Дураки мы все

Глава первая: Вступительно-лирическая
 
Труд сей получится сугубо личным, но, размышляя на данную тему, полагаю, другим он быть не может и не должен, так как, рассуждения на тему глупости, было бы неумно писать о лицах и событиях абстрактных и вымышленных, делая какие то выводы, а так я сам себя упрекнуть в надуманности и нереальности не смогу, разве что в легком преувеличении.
Работаю я специалистом по маркетингу в отделе сбыта Nого предприятия, в Nом городе. В данной должности всего-навсего около года, да и страна, и город для меня новы.
Но, тем не менее, полагаю, что один год – срок вполне достаточный, чтобы разобраться что к чему, и сделать определенные выводы, да и глаз еще, так сказать, не замылился, со стороны виднее.
Начну с того, что нигде еще я не видел такой заботы о здоровье человека, как в РБ. Для того, чтобы быть принятым на работу в качестве специалиста по маркетингу, а это подразумевало работу «за экраном», как они говорят, то есть за компьютером, мне пришлось пройти медицинскую комиссию из 13-ти специалистов: я прошел ЛОР врача, окулиста, терапевта и хирурга, мне два раза делали рентген, один раз, чтобы завести медицинскую карту, которую на третий день умудрились потерять, меня обследовали сверху вниз и снизу вверх, правда, чуть не сделали прививку, от которой я мог бы надеть на себя деревянный костюм, вместо костюма делового, так как я аллергик, меня заставили ехать в наркодиспансер на другой конец города, куда я должен был прихватить какие-то личные документы, которых я не взял, так как меня никто не предупредил – а что, еще и предупреждать надо? – где я выстоял очередь из х–дцати человек, все время, пропуская каких-то блатных, после чего меня окинула взглядом молодица лет 25-ти и сделала запись в медкарте. Я поинтересовался, что она там написала. Мне ответили, что в медкарте сделали запись, что я абсолютно здоров. «А как Вы это так быстро определили?» - поинтересовался я. Девушка бросила на меня недовольный взгляд и ответила - «По Вашему внешнему виду». Вот как, оказывается алкоголик ты, наркоман или просто бытовой пьяница в РБ определяют при помощи молниеносных недовольных взглядов (о такой методике я еще не слышал). Я, было, вступил в отстаивание своих прав, я заявил, что обычно пациентов обследуют путем пальпации, изучают из слизистые, слушаю дыхание при помощи стетоскопа, на худой конец задают разные интимные вопросы, на что к тому моменту уже довольна разъяренная «врачиха» зло заявила, что сейчас соберет консилиум из 10-ти человек и они, всем скопом, меня, раздетого до трусов, будут долго осматривать, пока не найдут чего-то. Я понял, что молчание – действительно золото, и поспешно ретировался, правда оставив в кассе около пяти уе за «осмотр». На прохождение медкомиссии у меня ушло больше недели и круглая сумма денег. Впрочем, врачи так ничего не нашли.

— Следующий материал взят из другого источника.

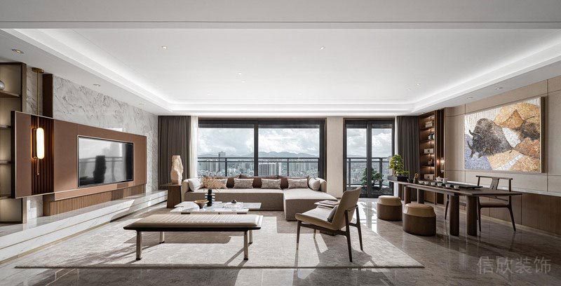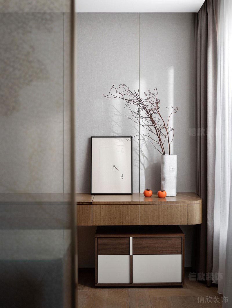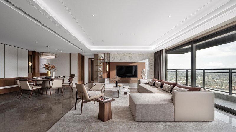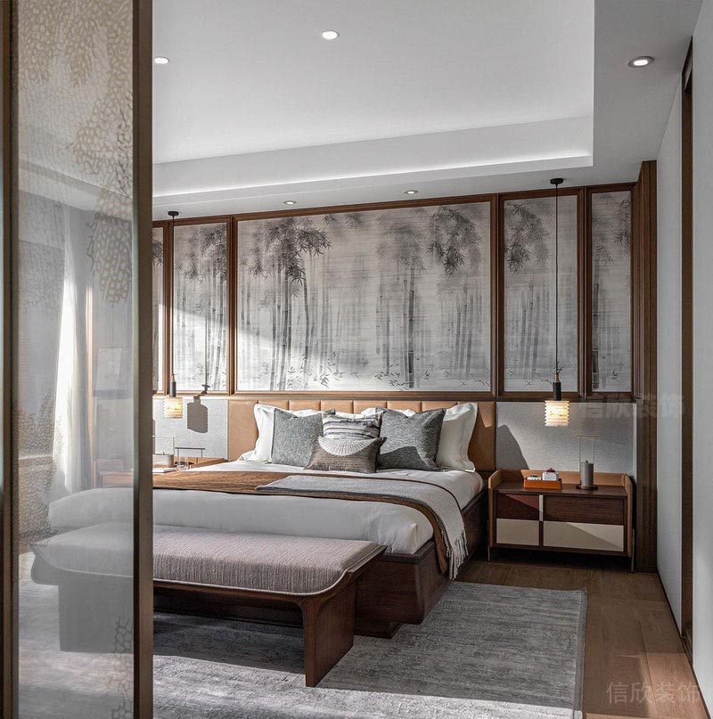 身處繁華的都市中,居者需要的住宅其實更是一個寧靜舒適的居住環境,在這個為你專門打造的生活空間里,都會象征著你對未來生活的某種期待,經歷過時間的雕琢,從布局到家具,從材質到選色,都所盡可能的呈現著自然大氣的舒適感。 主臥由半透明的屏風將活動空間和休憩空間區分開來,在不割裂臥室結構的同時賦予休息區最為純粹的靜謐體驗。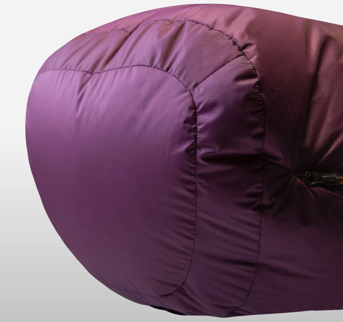 Uvnitř najdete 100% recyklované husí a kachní peří, které splňuje podmínky Down Cycle. Plnivost spacího pytle začíná na 700 cuin, a poměr prachového peří je 90:10. Použité peří pochází z nepotřebných výrobků, které sbírají recyklační společnosti po celé Evropě.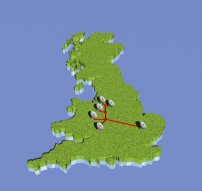 ![]() The locations of the e-MERLIN telescopes to be linked by fibre optic cables |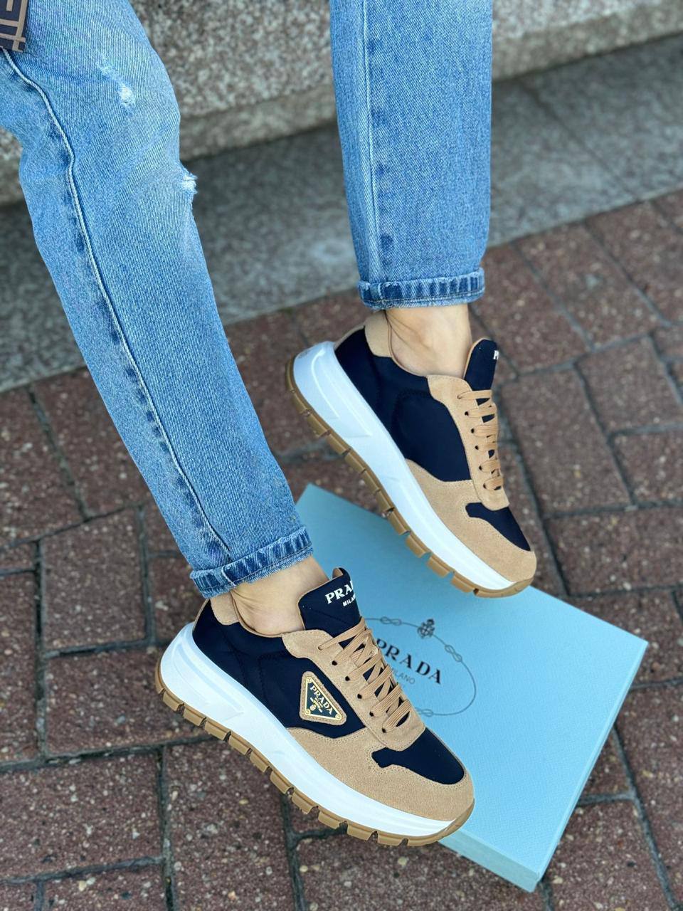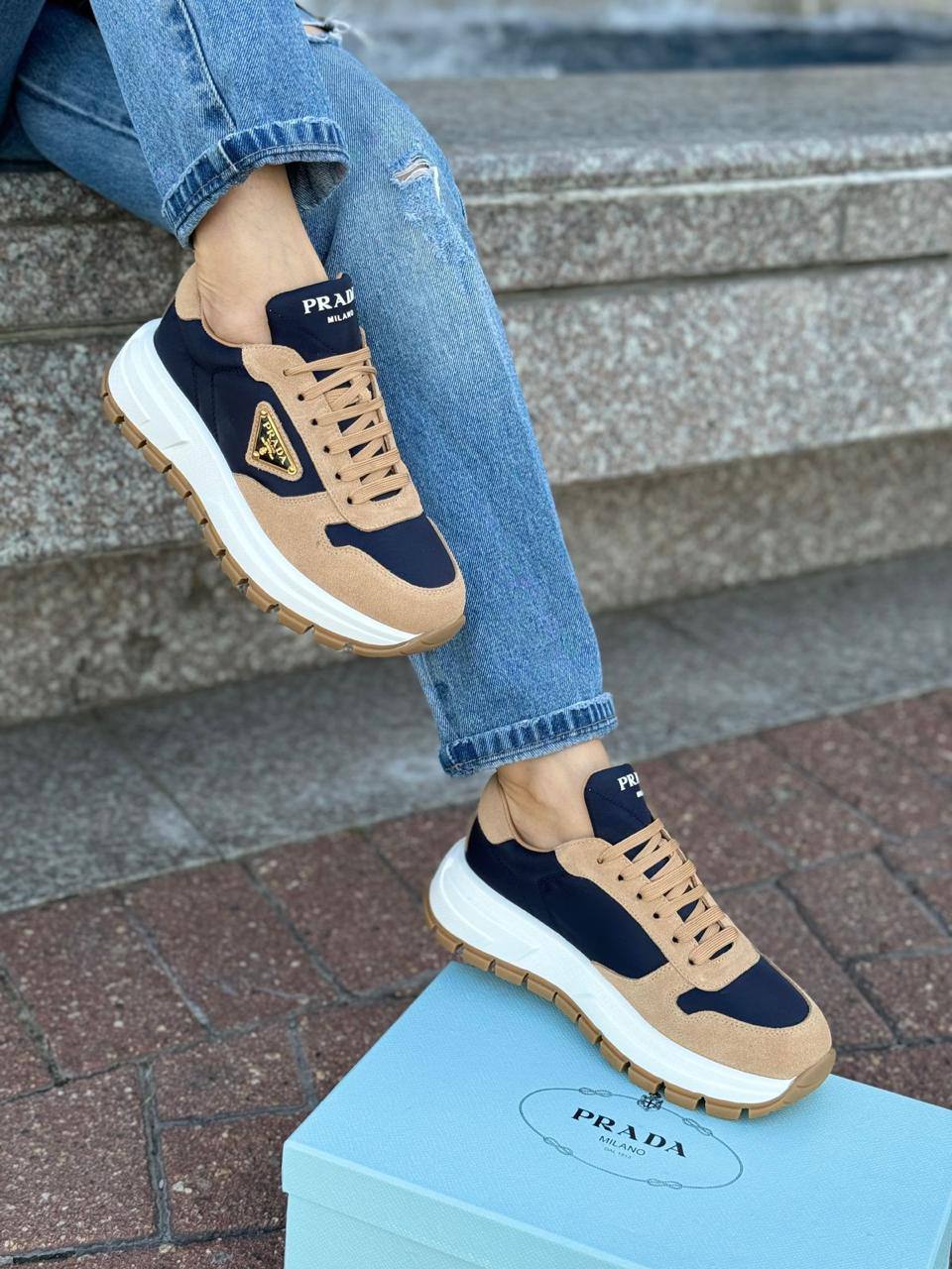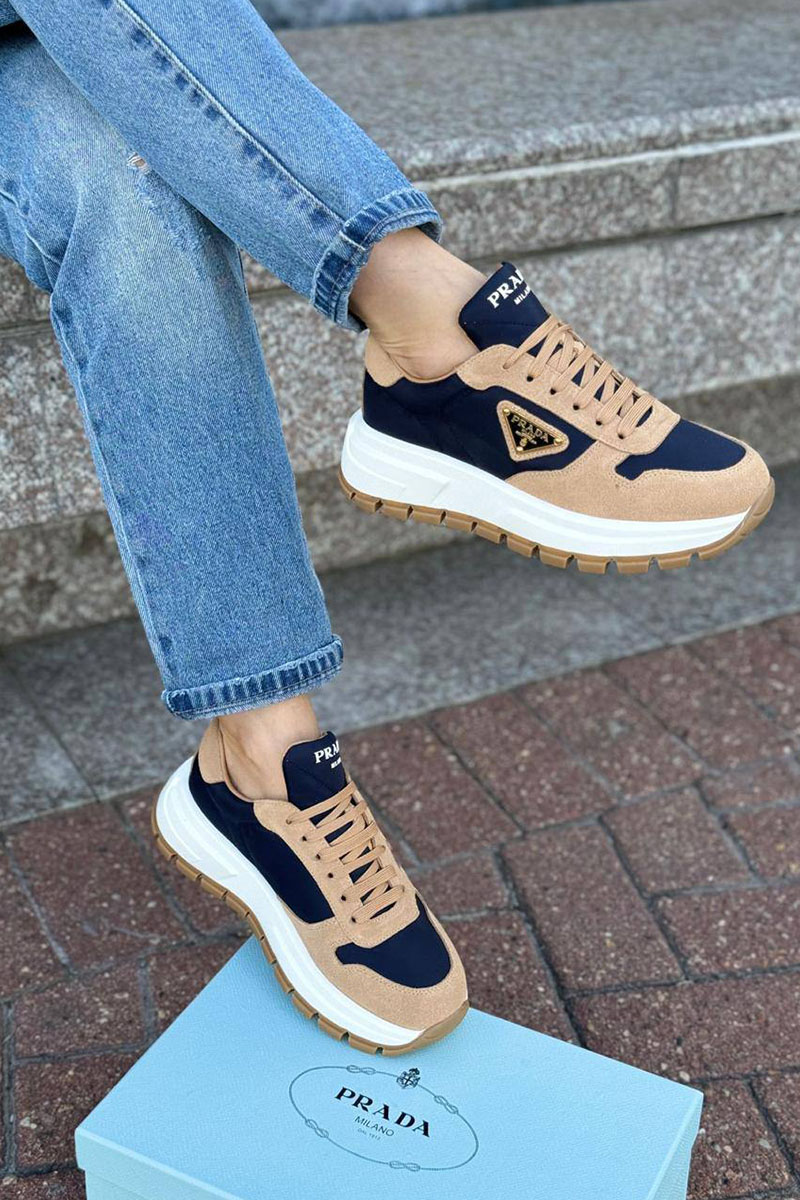 Женские комбинированные кроссовки Prada - Beige / Blue

Наконец устроившись на свое доходное (как оказалось, для врачей) место, я приступил к изучению своих обязанностей. Обязанности были, цитирую: «осваивание новых рынков сбыта, мониторинг зарубежных рынков сбыта, анализ спроса на продукцию предприятия в стране и за ее пределами, реклама и пр.», правда, позже выяснилось, что, к примеру, «реклама нам не нужна, нас и так все знают», о чем мне заявлялось всякий раз, стоило мне об этом заикнуться, анализ спроса на продукцию делался в течение 20 минут на основе цифр, взятых с потолка или высосанных из пальца (в тех местах, по всей видимости, они были ближе всего реальным), анкетирование зарубежных потребителей производилось … на месте, посредством отксеренных печатей и поддельных подписей.

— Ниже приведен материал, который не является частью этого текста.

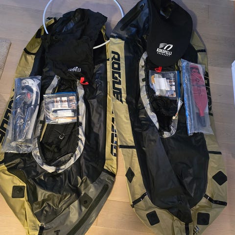 Feelfree lure 11.5 V2 utrustad med roder och fotstyrning samt mjuk och justerbar sits. Glasfiberpaddel TNP Catch som är riktigt styv, bra spöhållare och kajakvagn medföljer.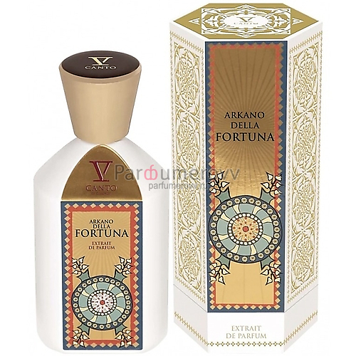 V Canto Arkano Della Fortuna — цитрусово-пряный аромат, выпущенный в 2024 году итальянским нишевым парфюмерным домом V Canto в рамках коллекции Arkani, вдохновленную мистикой карт Таро. Парфюм с названием Аркан Фортуны задуман, как ольфакторный амулет на удачу, который защищает и приносит процветание. Это приглашение праздновать каждый момент, использовать возможности и верить в невероятную силу наших мечтаний. Парфюм открывается игристыми нотами итальянских цитрусовых: бергамот из Калабрии с его пикантными, игристыми и слегка горьковатыми нотами сочетается с мандарином, который добавляет сладости и живости. Лимон из Сорренто, символизирующий свежесть и солнечную энергию, завершает это трио цитрусовых и обеспечивает взрывное начало. В сердце V Canto Arkano Della Fortuna ощущаются спокойствие и безмятежность, вызванные лавандой озера Гарда в сочетании с опьяняющей сладостью индийского жасмина самбака и королевской амброй. В базе мускус смешивается с бразильским бальзамом толу, дающем тепло и глубину. Франжипани добавляет экзотический, цветочный оттенок своими сливочными, притягательными нотами, в то время как береза добавляет намек на силу и деликатность, запечатывая аромат прочной, обволакивающей базой.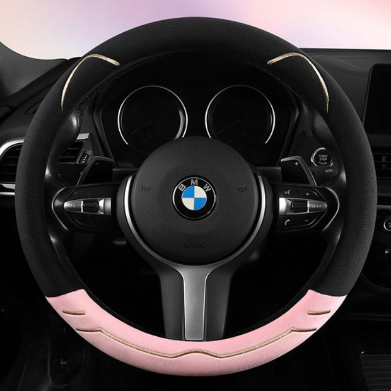 【】Cover Stir Mobil 38CM Universal Sarung Setir Mobil Serat 3D Carbon Karbon Kulit Elastis Cover Steer Kulit Domba Asli+C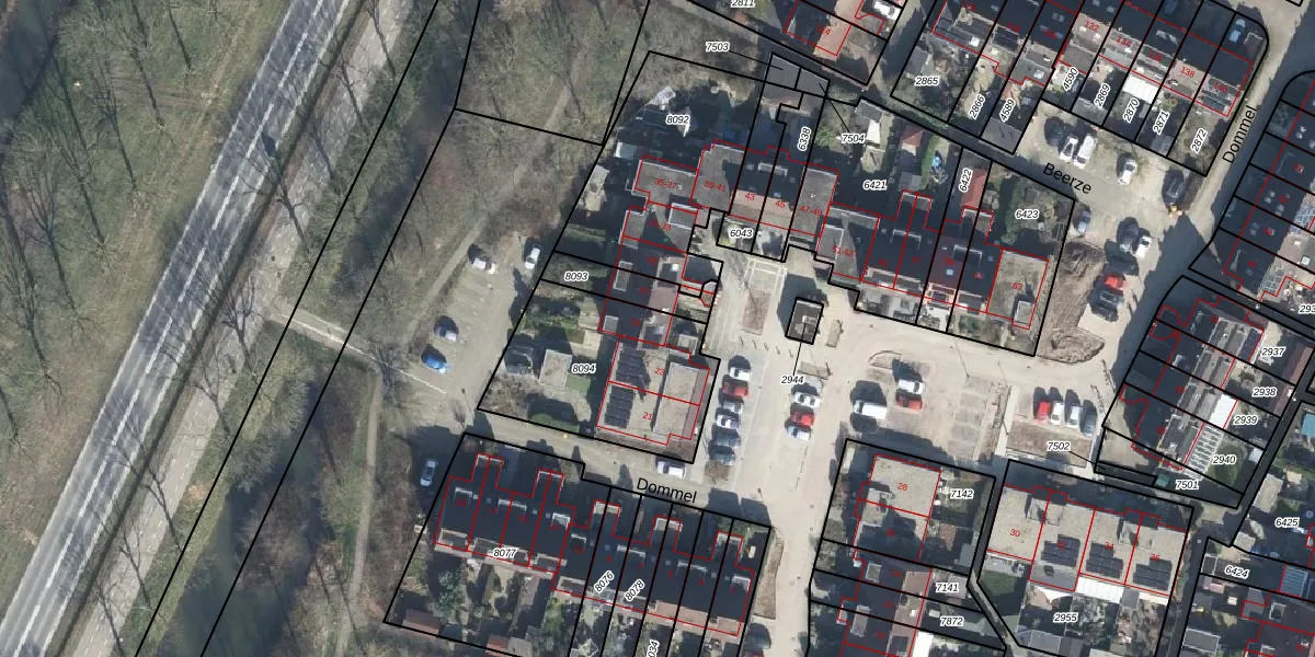 Het perceel waarop Dommel 25 staat heeft een oppervlakte van 659 m². Dit is een groot perceel. De perceeloppervlakte wordt geregistreerd door het Kadaster. Gedetailleerde informatie over de maten van dit perceel kunt u vinden in het rapport Kadastrale kaart met maatvoering van Dommel 25.

Два месяца спустя меня, из отдела сбыта отправили в… цех, в качестве проверщика на «стенде», в целях «производственной необходимости». В начале я испытал шок, потом легкое недоумение, в конце, через три дня тяжелого физического труда, раздражение и негодование. За проверочным стендом мне приходилось, под давлением, проверять всякую металлическую всячину, поднимать и опускать ящики весом до30-40 кг. У меня опухоль пахового кольца, по-простому небольшая грыжа, и таскать тяжести мне нельзя. Впрочем, на заводе это никого не интересовало: для того, чтобы сесть за монитор компьютера мне пришлось обеспечить работой 13 врачей и пополнить казну государства на несколько десятков уе, для того же, чтобы трудиться физически в цеху, ворочая 40-килограммовые ящики, никакой комиссии не понадобилось. Я, правда, все же как-то заглянул в медпункт, в целях подтверждения своего непригодного к такому труду физического состояния, но, увидев на стене график «Уменьшение травматизма на предприятии» с 2005 по 2007 г. включительно, хотя на дворе стоял пока 2006 г., но травматизм неуклонно падал уже в 2007 г., и никто с этим ничего поделать не мог, я решил заходить туда как можно реже.

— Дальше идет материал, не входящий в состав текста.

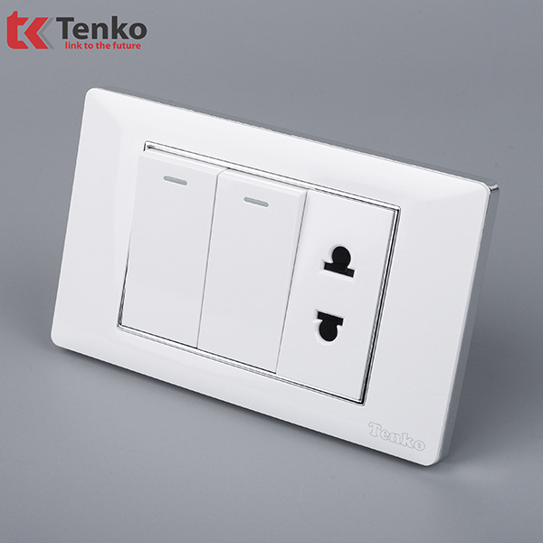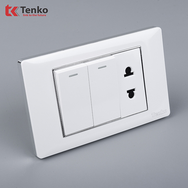 Công Tắc Và Ổ Cắm Đôi Âm Tường Mặt Nhựa Trắng Viền Bạc TENKO TK-C27-027 với thiết kế đa dạng với khả năng tùy biến cao, mang lại sự hài hòa và sang trọng cho mọi không gian.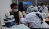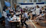 Peserta vaksinasi menunggu di ruang observasi saat vaksinasi massal Covid-19 yang diikuti oleh ribuan pegawai Bank BJB, direksi Bank BJB, masyarakat dan Organisasi Perangkat Daerah (OPD), di Gedung BJB Sport, Jalan Naripan, Kota Bandung, Selasa (23/3). Vaksinasi tersebut di antaranya bertujuan mendukung pemerintah melaksanakan program vaksinasi nasional dan optimalisasi dalam memberikan pelayanan kepada masyarakat dan nasabah. (FOTO : Edi Yusuf/Republika)

Спецодежду мне не выдали, инструктаж занял ровно 1 минуту (немного погодя, я понял, что проверка всякого железного хлама под давлением весьма опасное дело - неверно «заправленная» болванка выстрелит тебе прямехонько в кегельбан, который позже, как я все еще надеялся, мог мне пригодиться для работы за экраном или еще для чего). Через три дня, рискуя заполучить еще большую грыжу и потерять остатки веры в здравый человеческий смысл, я наотрез отказался выручать производство своим доблестным физическим трудом.
Вернувшись к своему «бумажному», но очень важному труду, я, постепенно, стал для себя открывать мир доселе мне неизвестный и, мягко говоря, чудной. Работа кипела и спорилась. Цифры, письма, постановления, решения, отгрузки, погрузки – три месяца спустя стол мой из трех ящиков закрываться упорно отказывался по причине его переполненности всевозможными «важными» бумагами. Тогда в отдел были куплены папки. Папки покупал я сам, и для того чтобы эту «канцелярию» приобрести и вручить каждому сотруднику понадобилось пройти 9 уровней изматывающей игры под названием «Канцелярские принадлежности. Судный день» или «Девять кругов ада. Данте отдыхает». Я подсчитал, для приобретения ручки или карандаша в офис нужно поставить около 12 подписей и около 8 штампов и печатей, после чего каждый получивший сие канцелярское орудие должен за него отвечать и в случае пропажи отчитаться.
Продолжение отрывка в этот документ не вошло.